* Aim of the task: Give back exactly the lines of the material below that start at the line containing "Dammig Blå Bröllop RSVP-kort." and end at the line containing "中身が透けて見えない10オン", and no others.

* Records supplied:

*** Block opens ***

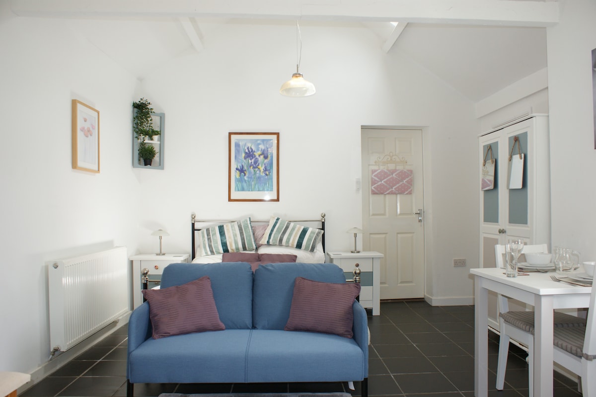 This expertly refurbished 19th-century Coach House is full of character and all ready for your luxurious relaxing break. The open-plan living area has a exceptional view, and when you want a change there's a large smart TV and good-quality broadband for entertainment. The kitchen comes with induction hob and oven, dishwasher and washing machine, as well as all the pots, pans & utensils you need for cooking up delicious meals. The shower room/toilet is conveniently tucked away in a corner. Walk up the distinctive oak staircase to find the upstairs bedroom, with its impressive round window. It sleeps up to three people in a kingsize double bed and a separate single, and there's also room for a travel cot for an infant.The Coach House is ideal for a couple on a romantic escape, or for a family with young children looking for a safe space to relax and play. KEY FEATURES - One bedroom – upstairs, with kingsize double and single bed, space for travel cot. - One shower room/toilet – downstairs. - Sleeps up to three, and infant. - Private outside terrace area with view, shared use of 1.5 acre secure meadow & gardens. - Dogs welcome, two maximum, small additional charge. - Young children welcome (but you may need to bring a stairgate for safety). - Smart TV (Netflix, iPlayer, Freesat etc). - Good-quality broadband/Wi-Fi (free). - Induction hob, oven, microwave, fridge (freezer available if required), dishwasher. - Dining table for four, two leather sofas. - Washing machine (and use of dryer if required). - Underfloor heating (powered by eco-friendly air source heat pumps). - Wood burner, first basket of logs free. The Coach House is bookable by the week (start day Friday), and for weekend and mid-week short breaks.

*** Block closes ***
*** Block opens ***

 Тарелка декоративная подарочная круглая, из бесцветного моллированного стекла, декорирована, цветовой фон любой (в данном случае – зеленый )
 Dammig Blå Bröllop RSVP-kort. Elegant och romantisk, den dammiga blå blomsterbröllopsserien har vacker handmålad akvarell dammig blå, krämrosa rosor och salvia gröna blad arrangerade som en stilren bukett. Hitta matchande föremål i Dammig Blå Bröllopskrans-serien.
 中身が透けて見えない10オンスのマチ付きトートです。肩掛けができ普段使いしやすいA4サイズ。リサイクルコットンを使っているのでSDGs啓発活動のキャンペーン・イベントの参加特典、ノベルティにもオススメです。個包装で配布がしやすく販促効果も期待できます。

*** Block closes ***

* Task response:
 Dammig Blå Bröllop RSVP-kort. Elegant och romantisk, den dammiga blå blomsterbröllopsserien har vacker handmålad akvarell dammig blå, krämrosa rosor och salvia gröna blad arrangerade som en stilren bukett. Hitta matchande föremål i Dammig Blå Bröllopskrans-serien.
 中身が透けて見えない10オンスのマチ付きトートです。肩掛けができ普段使いしやすいA4サイズ。リサイクルコットンを使っているのでSDGs啓発活動のキャンペーン・イベントの参加特典、ノベルティにもオススメです。個包装で配布がしやすく販促効果も期待できます。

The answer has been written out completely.